About this exercise:
Here is the task for the records below: repeat exactly the lines from the one with "招股书数据显示,截至今年三季" to the one with "车牌号 蒙****** 品牌 吉利", both included, and nothing else.

Source material:
□ □ □ □ □

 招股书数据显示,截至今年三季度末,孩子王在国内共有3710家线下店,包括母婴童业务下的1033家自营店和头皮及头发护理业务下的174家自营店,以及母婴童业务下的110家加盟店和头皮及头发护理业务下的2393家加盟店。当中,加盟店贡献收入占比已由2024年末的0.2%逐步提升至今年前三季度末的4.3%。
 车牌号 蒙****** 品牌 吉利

□ □ □ □ □

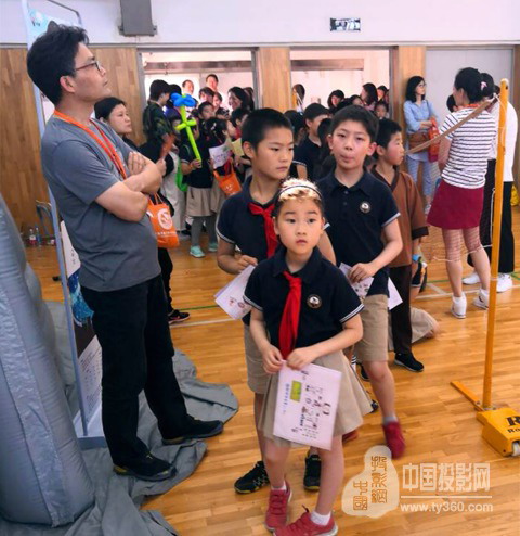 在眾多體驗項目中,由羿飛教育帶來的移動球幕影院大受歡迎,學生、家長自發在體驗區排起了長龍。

□ □ □ □ □

Exercise output:
 招股书数据显示,截至今年三季度末,孩子王在国内共有3710家线下店,包括母婴童业务下的1033家自营店和头皮及头发护理业务下的174家自营店,以及母婴童业务下的110家加盟店和头皮及头发护理业务下的2393家加盟店。当中,加盟店贡献收入占比已由2024年末的0.2%逐步提升至今年前三季度末的4.3%。
 车牌号 蒙****** 品牌 吉利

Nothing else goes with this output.